Personal information
- Full name: Samuel Joshua Stockley
- Date of birth: 5 September 1977 (age 48)
- Place of birth: Tiverton, England
- Height: 1.83 m (6 ft 0 in)
- Position: Right-back

Team information
- Current team: Stoke City (U21 lead coach)

Youth career
- 1994–1996: Southampton

Senior career*
- Years: Team / Apps / (Gls)
- 1996–2001: Barnet / 182 / (2)
- 2001–2002: Oxford United / 41 / (0)
- 2002: → Colchester United (loan) / 10 / (1)
- 2002–2006: Colchester United / 131 / (2)
- 2006: → Blackpool (loan) / 7 / (0)
- 2006–2008: Wycombe Wanderers / 56 / (1)
- 2008–2009: Port Vale / 31 / (0)
- 2010–2011: Ferencvárosi TC / 17 / (0)
- 2010–2011: Ferencvárosi TC II / 1 / (0)
- 2011: Telford United / 0 / (0)
- 2011: Droylsden / 1 / (0)
- 2011: F.C. New York / 17 / (0)
- 2012–2013: Carolina RailHawks / 14 / (0)
- Total:  / 508 / (6)

Managerial career
- 2022–2023: Lexington SC (men)
- 2025: Lexington SC (women) (interim)

= Sam Stockley =

English footballer

Samuel Joshua Stockley (born 5 September 1977) is an English football coach and former professional player who is the U21 lead coach at club Stoke City.
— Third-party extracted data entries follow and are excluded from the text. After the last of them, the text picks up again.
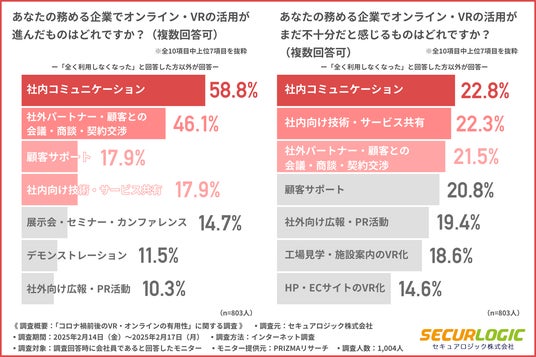 しかしながら、「社内コミュニケーション」や「社内向け技術・サービス共有」「社外パートナー・顧客との会議・商談・契約交渉」などでオンライン・VRの活用が不十分だと感じる方もおり、さらなる改善を求めていることがわかりました。
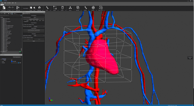 Cage-based morphing (free-form deformation technique) allowing to modify the shape and size for multiple model entities: use of the new cage-based morphing tool on the heart and blood vessels of the Duke v3.1 model, creating a deformed version of the anatomy without holes or gaps between the tissues. Complex deformation fields (e.g. breathing, beating heart) can be loaded through a dedicated Python API.
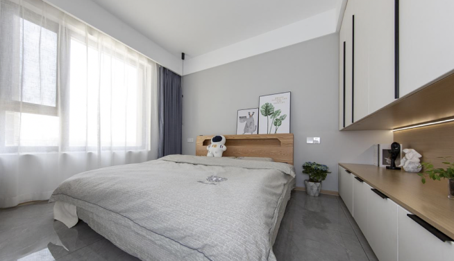 整體色調(diào)延續(xù)了客廳的風格,背景墻為灰色調(diào),更加襯托了空間的高級感,既簡約而又不與眾不同,再搭配著原木色彰顯著高雅溫馨的氛圍,相信在這樣的環(huán)境下入眠,一定會有一個好夢吧!

A youth player at Southampton, he made his name at Barnet in the late 1990s, where he was named Player of the Year in 2001. A short time at Oxford United was followed by four years with Colchester United between 2002 and 2006. After helping Colchester to win promotion out of League One in 2005–06, he then spent two seasons with Wycombe Wanderers before signing with Port Vale in May 2008. He announced his retirement as a professional player in November 2009. However, he returned to the game in 2010 with the Hungarian side Ferencvárosi TC before becoming a non-League player in England with Droylsden via Telford United in 2011. He spent 2011 at American club F.C. New York, before joining Carolina RailHawks a year later. Throughout his 17-year professional career, he made 583 appearances in all competitions, scoring six goals.
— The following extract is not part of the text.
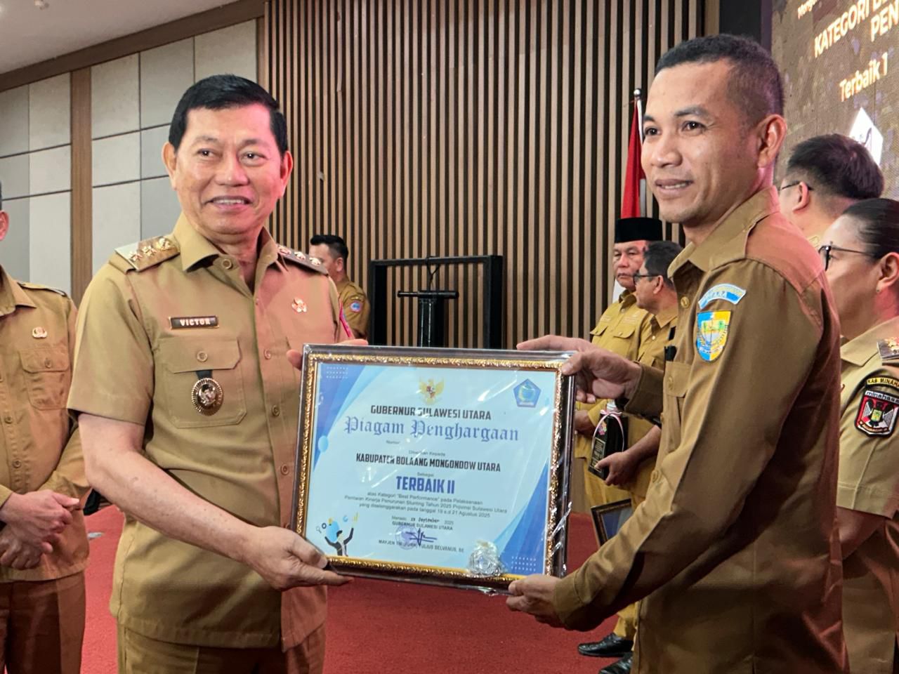 Capaian tersebut ditandai dengan penyerahan piagam peghargaan oleh Wakil Gubernur Provinsi Sulawesi Utara, Viktor Mailangkay kepada Pemda Bolmut yang diterima langsung oleh Wakil Bupati Aditya Pontoh, Selasa (07/10/2025) di Hotel Aryaduta, Kota Manado.

Following his retirement, he spent seven years coaching youth players and girls in the United States. He returned to the United Kingdom in 2020 to coach at Llandudno before returning to the U.S. in 2021 as Sporting Director for Lexington SC. He returned to England to work as Stoke City's academy manager in July 2025.

==Playing career==
===Barnet===
Stockley began his career as a trainee at Southampton but could not break into the first team. He moved to Third Division club Barnet during the 1996–97 season, making his debut under Terry Bullivant in a 3–0 defeat by Swansea City at Vetch Field on 14 January. He played 20 league games that season before making 49 appearances in league and cup in 1997–98. He continued to be an almost constant presence at Underhill under John Still in 1998–99 and 1999–2000, making 45 and 39 appearances respectively, and scoring his first league goal in a 3–1 win over Hull City at Boothferry Park on 24 April 2000. He played 52 games for new boss Tony Cottee in 2000–01, scoring his second senior goal on 19 August in a 3–3 home draw with Mansfield Town. He was also named the club's Player of the Year for 2001 and picked up the club's 'Most Improved Player' award. Having played 209 games for the "Bees", he was sold to Oxford United for a fee of £150,000 in July 2001 after becoming dissatisfied with his wages at Barnet.

===Oxford to Colchester United===
He played 44 games for Oxford under Mark Wright and Ian Atkins in 2001–02 as the "Yellows" struggled to retain their Football League status. He was loaned out to Second Division Colchester United at the start of the 2002–03 season, then managed by Steve Whitton, before moving permanently on a free transfer in October 2002. He scored his third ever goal on 29 October, in a 1–1 draw with Barnsley at Layer Road, and finished the campaign with 35 appearances to his name. He signed a new contract for Phil Parkinson's side after he missed just two of United's 60 matches in the 2003–04 season. He played 44 games in 2004–05, scoring on the opening day of the season with a "stunning strike" from 25 yd in a 3–0 win over Sheffield Wednesday at Hillsborough in League One. He played 34 games for the "U's" in the promotion season of 2005–06, scoring his fifth career goal from 25 yards in a 3–1 defeat to Southend United at Roots Hall on 29 August. He joined Blackpool on loan in March 2006, featuring seven times for Simon Grayson's "Seasiders".

===Wycombe Wanderers===
After his release from Colchester following 171 appearances for the club, Stockley moved to Paul Lambert's Wycombe Wanderers of League Two in July 2006. He spent the 2006–07 season as the club's regular right-back, but also filled in as centre-back and sweeper during tactical changes. He played a total of 42 times, scoring his sixth and final league goal at London Road in a 3–3 draw with Peterborough United on 31 March. He lost his place at right-back to Russell Martin in the 2007–08 season. Still, he was often used as a left-back, featuring 23 times throughout the campaign. In February 2008, he had a trial with American club FC Dallas.

===Port Vale===
Stockley left Wycombe and signed for Port Vale in May 2008, signing a two-year deal. He was appointed as captain in July of that year by manager Lee Sinnott. By mid-season Stockley found himself regularly on the Vale bench under new boss Dean Glover, but said "I think that Port Vale haven't seen the best of me yet, but I believe they will because I'm really happy here". He managed to battle his way back into the first-team and win back his captaincy (from Marc Richards) during the latter part of the 2008–09 season. Stockley admitted that at times in the season he had considered retirement, but after winning back his first-team spot he said he was enjoying his football.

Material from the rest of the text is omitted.